No dudes de mi afecto
aunque sé que el testamente te habrá sorprendido y hasta es posible que te haya
enojado o te haya hecho pensar que significas poco para mí. Nada más lejano a
la realidad. Pero hay otras personas a las que debo mucho y espero que estas líneas
te hagan comprenderlo.
Mi relato tiene que empezar en 1977, cuando yo tenía dieciocho
años (mi hermana tenía veintiocho y estaba ya casada con tu padre) y me
arrastraba por la facultad de derecho suspendiendo casi todas las asignaturas
del primer curso. Sí, tú me has conocido siempre como un hombre dedicado a
elucubrar sobre el mundo y la vida, alegre y campechano a la vez que trabajador
y responsable, una persona respetable, profesor y escritor de cierta fama. No
fue siempre así. En el 77, yo dedicaba mis horas al alcohol y a las juergas,
malgastaba el dinero de tus abuelos y estaba predestinado a ser un fracasado.
Sonreí para mí. Así que el tío Jean, el filósofo, el
preclaro pensador, se había puesto en su juventud ciego cada noche de gin-tonics
y chupitos. Quién lo iba a decir. Continué leyendo.
Como te puedes imaginar, no tenía un chavo y entre mis
prioridades no estaba precisamente el comer. Acababan de abrir un restaurante
vietnamita cerca del Boulevard Garibaldi, una taberna
pequeña con unas pocas mesas y una barra separada de aquellas por una
estantería con libros. Se llamaba L’Ami Fidèle ¿Te lo puedes
imaginar? Un bar en el que además de comer y beber, podías leer. Una
excentricidad en el París de aquellos años. Y, sobre todo, era muy barato. No
es de extrañar que mis amigos y yo acabáramos pasándonos por el lugar casi a
diario.
Pronto conocimos al dueño, un tipo aún más excéntrico que el
propio establecimiento. Era un hombre delgado, incluso algo huesudo, con
anteojos anticuados y redondos, de rasgos asiáticos, casi cumplidos los
cuarenta, elegante en el vestir y en sus modales, culto a todas luces y con un
francés rebuscado de fuerte acento asiático. Te puedes imaginar su nombre. Nguyen
Van Tuan.
Sí, me lo estaba imaginando. Su amistad, por tanto, tenía ya
décadas y, aunque yo nunca había escuchado hablar de aquel hombre, estaba claro
que representaba a alguien importante en la vida de mi tío.
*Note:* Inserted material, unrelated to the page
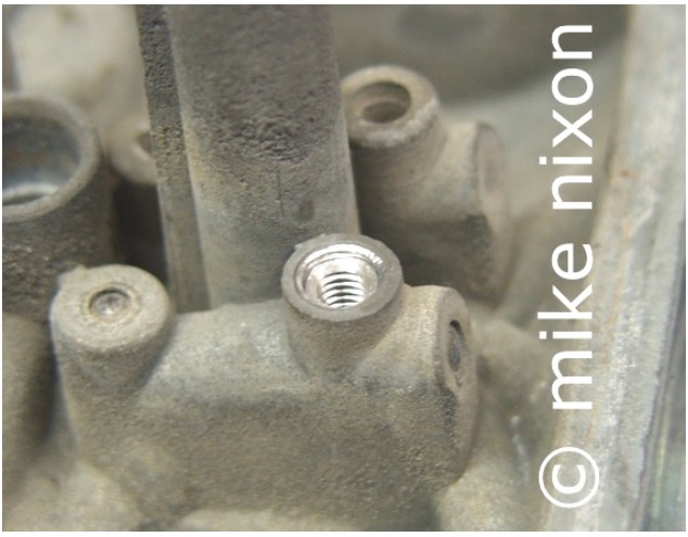 Most of the other guys are challenged by thread issues. This is a GL1000 carb body with new threads. This model carb needs thread repair pretty often. |

L’Ami Fidèle estaba decorado con profusión,
como si Nguyen comprara en los mercadillos todo cachivache que le gustara para
ponerlo colgado en las paredes o colocado sobre los anaqueles. No faltaba una
bandera de Vietnam oscilando en lo alto y tras el mostrador se amontonaban,
mezclados sin aparente orden, relojes de todo tipo, figuritas de porcelana, descoloridos
libros de viejo, revistas apiladas, unas cuantas macetas con plantas de
interior, la gran cafetera que parecía de los años veinte, decenas de vasos y
copas, las botellas de licor y un sinfín de fotografías enmarcadas claveteadas
al menor espacio libre en la pared. Recuerdo que mis favoritas eran las
imágenes de los arrozales y las montañas rocosas que se erguían como fantasmas
entre la niebla pero abundaban las de la guerra: helicópteros americanos,
soldados vietnamitas, escenas de las abarrotadas calles de Seúl o Phom Penh. En
el centro del pequeño local un armario abierto a ambos lados, repleto de libros
en francés que cualquier parroquiano podía coger y hojear si así lo deseaba. Alguna
novela, bastante poesía, mucha filosofía. Al otro lado de aquella improvisada
biblioteca, seis o siete mesas de madera con sillas apretujadas alrededor. Al
fondo, junto al pasillo que llevaba a los servicios y a la cocina, un pequeño
rincón con un piano donde, de tanto en cuanto, Nguyen se sentaba e interpretaba
canciones de su tierra natal. En esos momentos, al hombre le daba por cantar y
nosotros reíamos de lo mal que lo hacía. Lo que era un ritual inamovible era el
saludo que el propietario daba a todos sus clientes cuando iban terminando su
consumición. Como si de un chef famoso se tratara, se movía entre las mesas
preguntando si la comida había sido del gusto de los comensales y entablaba
conversación a poco que se le diera pie a ello. Por unos pocos francos, que era
lo que costaba el menú del día, aquellas deferencias, propias de los
restaurantes con distinciones, nos parecían del todo exageradas. Aun así, L’Ami
Fidèle tenía un encanto que no era fácil encontrar en todo París.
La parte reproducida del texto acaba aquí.